As college approached and Shams decided to follow in her father and brother's footsteps and attend Murray State, she wanted to continue to cheer at a collegiate level.

She tried out to be a Racer cheerleader as a freshman and made the squad as an alternate. Then, in the spring semester of her freshman year, Shams joined the varsity squad.

In 1995, Shams and her fellow Racers qualified for Nationals for the first time in Murray State history. With a trip to Tallahassee, Fla., to cheer on the men's basketball team in the NCAA Tournament also scheduled, the spring of '95 was shaping up to be a season to remember for the cheerleaders, that is until the fateful night on Interstate 24.

The squad was returning from the Nashville airport after the basketball game when their van had a blowout and flipped, killing one of Shams' fellow squad members.

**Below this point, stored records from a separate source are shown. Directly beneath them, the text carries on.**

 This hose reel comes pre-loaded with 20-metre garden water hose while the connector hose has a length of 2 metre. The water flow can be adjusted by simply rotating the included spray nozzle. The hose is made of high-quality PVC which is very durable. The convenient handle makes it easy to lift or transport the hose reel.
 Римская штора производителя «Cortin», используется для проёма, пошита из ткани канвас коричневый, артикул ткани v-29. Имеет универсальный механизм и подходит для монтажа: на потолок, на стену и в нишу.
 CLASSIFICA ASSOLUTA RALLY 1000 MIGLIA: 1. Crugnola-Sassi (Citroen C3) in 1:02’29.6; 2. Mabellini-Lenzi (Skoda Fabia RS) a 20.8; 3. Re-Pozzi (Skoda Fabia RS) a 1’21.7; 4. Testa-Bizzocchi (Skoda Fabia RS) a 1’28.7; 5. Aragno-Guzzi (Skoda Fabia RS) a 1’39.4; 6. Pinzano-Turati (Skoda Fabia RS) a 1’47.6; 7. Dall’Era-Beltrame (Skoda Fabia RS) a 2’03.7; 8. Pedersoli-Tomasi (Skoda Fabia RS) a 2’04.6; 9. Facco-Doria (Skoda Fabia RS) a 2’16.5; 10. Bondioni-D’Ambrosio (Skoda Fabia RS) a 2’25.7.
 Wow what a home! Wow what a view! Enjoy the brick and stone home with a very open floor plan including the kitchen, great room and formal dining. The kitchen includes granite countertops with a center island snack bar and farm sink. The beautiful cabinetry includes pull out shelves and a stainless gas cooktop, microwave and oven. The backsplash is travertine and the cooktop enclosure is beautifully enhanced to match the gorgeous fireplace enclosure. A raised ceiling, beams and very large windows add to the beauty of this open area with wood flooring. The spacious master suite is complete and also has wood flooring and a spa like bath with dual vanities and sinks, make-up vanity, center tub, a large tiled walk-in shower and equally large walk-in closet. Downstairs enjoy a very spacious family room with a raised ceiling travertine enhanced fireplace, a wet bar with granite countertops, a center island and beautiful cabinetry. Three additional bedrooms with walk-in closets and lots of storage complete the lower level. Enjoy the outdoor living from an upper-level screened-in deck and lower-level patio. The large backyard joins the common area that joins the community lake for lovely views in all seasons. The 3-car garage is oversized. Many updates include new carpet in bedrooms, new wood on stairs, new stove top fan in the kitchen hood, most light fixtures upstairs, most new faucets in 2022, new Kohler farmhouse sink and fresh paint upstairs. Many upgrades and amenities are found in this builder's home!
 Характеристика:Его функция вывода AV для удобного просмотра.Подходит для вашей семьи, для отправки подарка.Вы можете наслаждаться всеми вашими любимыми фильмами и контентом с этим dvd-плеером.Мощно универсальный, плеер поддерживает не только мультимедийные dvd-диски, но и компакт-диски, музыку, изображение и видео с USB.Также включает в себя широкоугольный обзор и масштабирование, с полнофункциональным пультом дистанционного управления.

Needless to say, the Racers did not compete at Nationals in 1995 and it wasn't until the next year that Shams became a part of the first Racer squad to ever compete on a national stage.

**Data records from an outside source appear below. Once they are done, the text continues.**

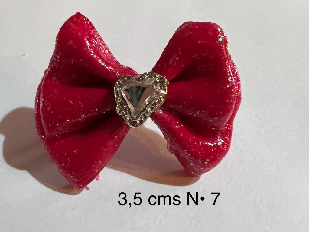 NOEUD BRILLANT SEMI RIGIDE NOUVEAUX - Fuschia N7 coeur argent et strass 3,5 cms
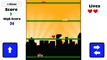 The controls are very easy but the game is challenging. Left button is for long jump to the next platform while left button is for short jump to avoid the cars on the same platform.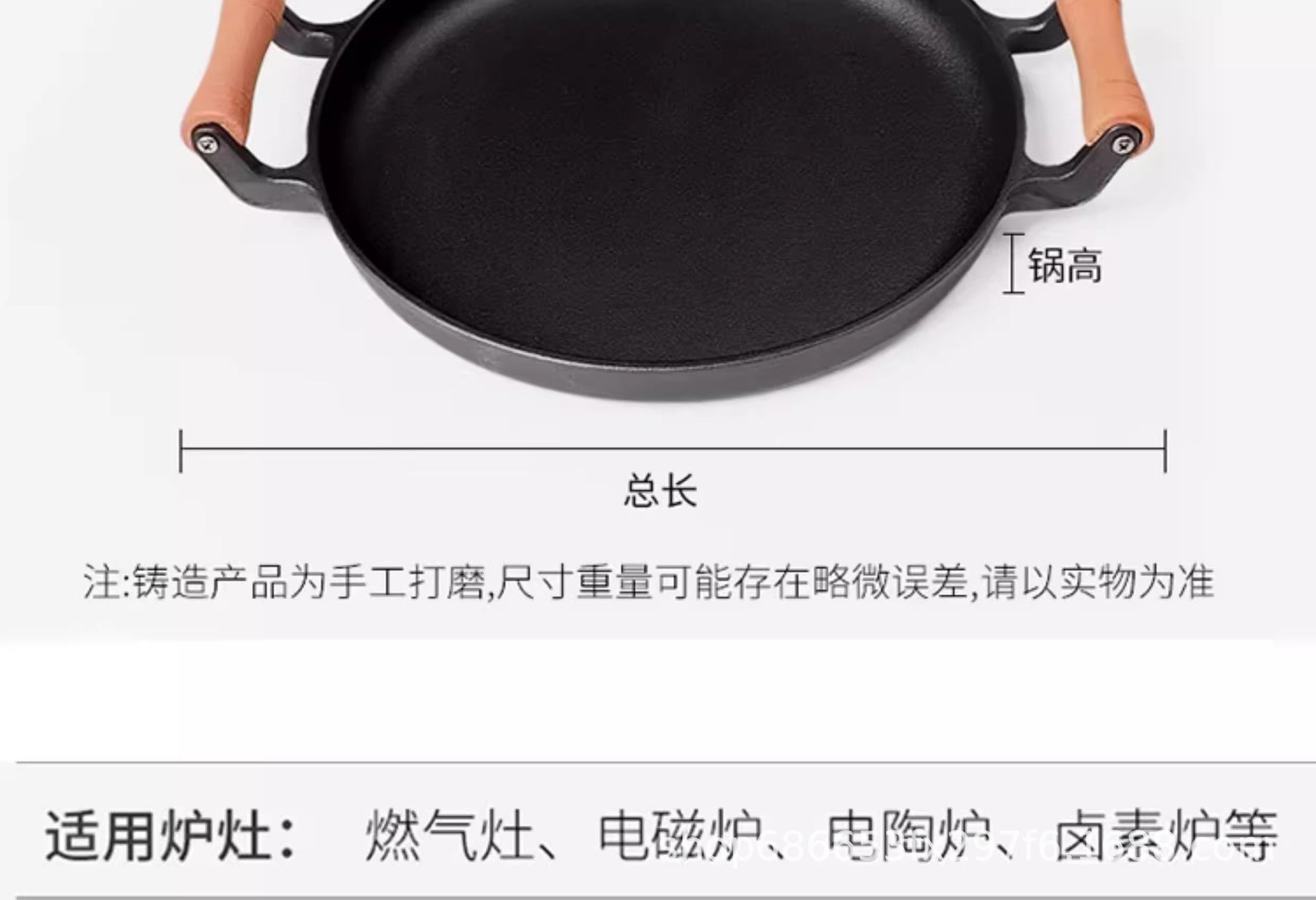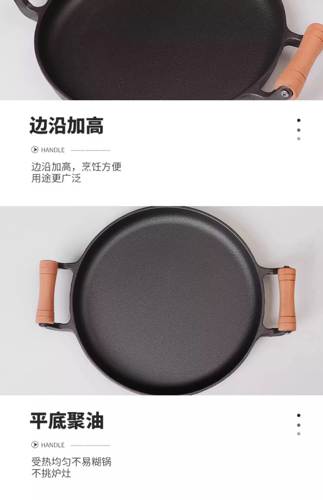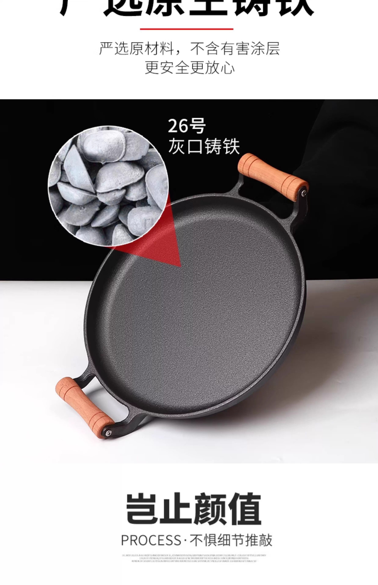 木柄家用煎饼锅铸铁平底锅烙饼鏊子摊煎饼果子工具不粘锅手抓饼锅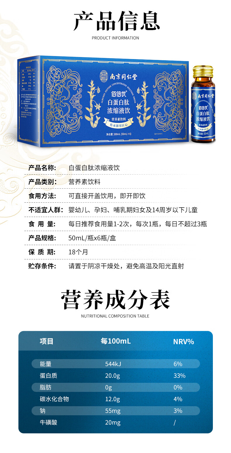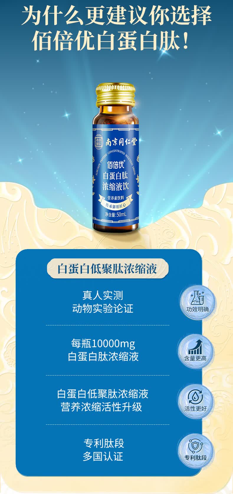 佰倍优口服白蛋白低聚肽浓缩口服液术后营养品 白蛋白肽浓缩液 50ml*1瓶 【试用装】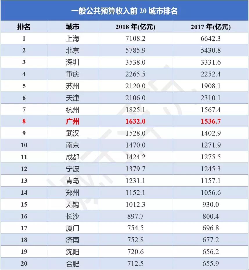 一般公共预算收入是衡量一个城市的财政支配实力。从公布的数据看,广州2018年一般公共预算收入1632亿元,位列全国第8。

"We had been trying every year, getting closer and closer and the previous year we had qualified and weren't able to go because of the accident," Shams said.

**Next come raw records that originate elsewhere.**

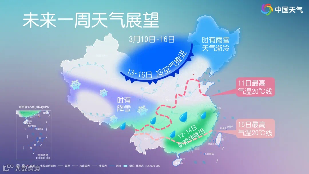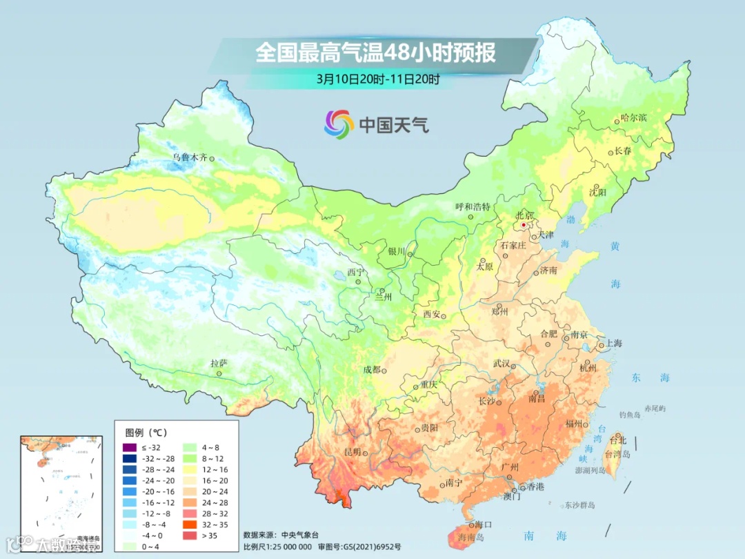 10日(周一),晴间多云,南风3~4级,最低气温5℃,最高气温17℃;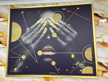 3) Abstrakt-figural tablo – qara fon üzərində qızılı həndəsi fiqurlar və qızılı dodaqlar, dekorativ çərçivə
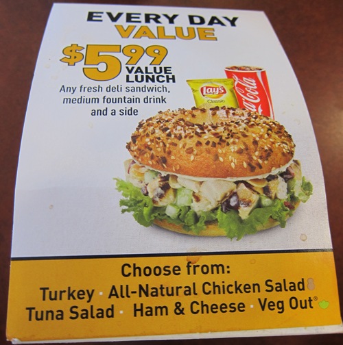 Einstein Bagels has a special lunch value menu. For just $5.99, you get a delicious fresh deli sandwich, side of potato salad or chips and a drink. The sandwich choices are turkey, chicken salad, tuna salad, ham and cheese and veggie.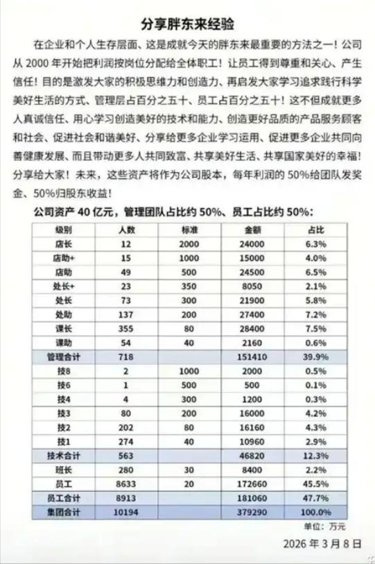12個店長分2.4億,平均每個店長2000萬,每個人從打工人變成了企業合作伙伴。每個店長都會爲自己的千萬資產去精益求精,變着法的去提高銷售、優化管理。一家企業賺到的錢,是真的可以讓所有員工都過上舒適的生活的,這已經不是年終獎了,這是勞動者的剩餘價值迴歸!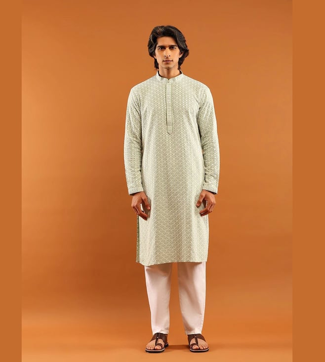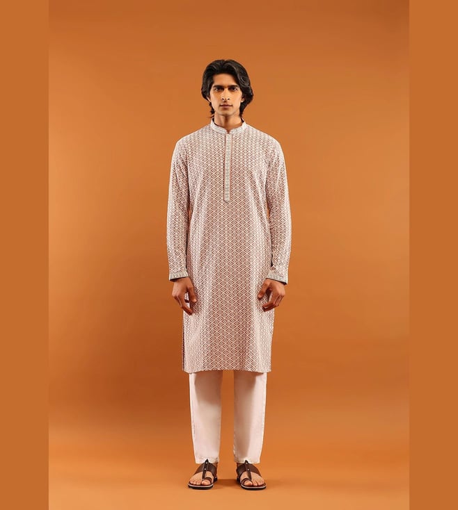 White & Brown Cotton Nasir Cotton Straight Men's Kurta

"Finally getting the chance to go, it just kind of symbolized us overcoming that obstacle as well, not just finally making the nationals, but also overcoming the emotional and physical trauma of being in that accident."

After graduating with a bachelor of science degree in exercise science, Shams moved to California to focus on her career as a personal trainer and decided not to pursue cheerleading professionally.

"I put cheerleading on the back burner," Shams said. "I think that was a good choice, but I realized later that I missed that and I felt like there was something missing. I met my husband here and I wanted him to see that side of me. He respected what I did (in college and high school), but he didn't really know what it was about."

So Shams decided to give professional cheerleading a shot. She worked one season with the San Jose Stealth of the National Lacrosse League and then decided to shoot for the stars, trying out with the Oakland Raiders.

She joined more than 500 other women in trying out to be a representative of one of the most well-recognized pro sports franchises in America - and didn't make it.

Instead of giving up, she decided to try a second time. But again, Shams wasn't accepted as a Raiderette.

Never one to quit, Shams went back for a third try in the spring of 2006. And this time, she made it.

"On that third audition, I was thinking 'What if this never happens?' and I just couldn't imagine it not happening," she said. "… I guess that's the story of my life; keep trying and trying and you'll eventually get there."

Shams cheered on the sidelines of McAfee Coliseum as a Raiderette last football season and after recently trying out and making the squad for a second season, Shams is ready for fall and the chance to cheer again.

"Trying out for my second year was even more nervewracking than last year as a rookie," she said. "You have relationships with people and you don't want to give that up. There's no special consideration really given to the veterans. Every year there's people that don't make it back. You're really just holding on to what you love."

Cheering on the sidelines isn't all the Raiderettes do. Shams attends several charitable and fundraising events, as well as corporate sponsor events each year. Raiderettes are also expected to be positive role models to the community, as well as skilled performers.

And anyone looking for a role model of perseverance, patience and overcoming obstacles need look no farther than Shams.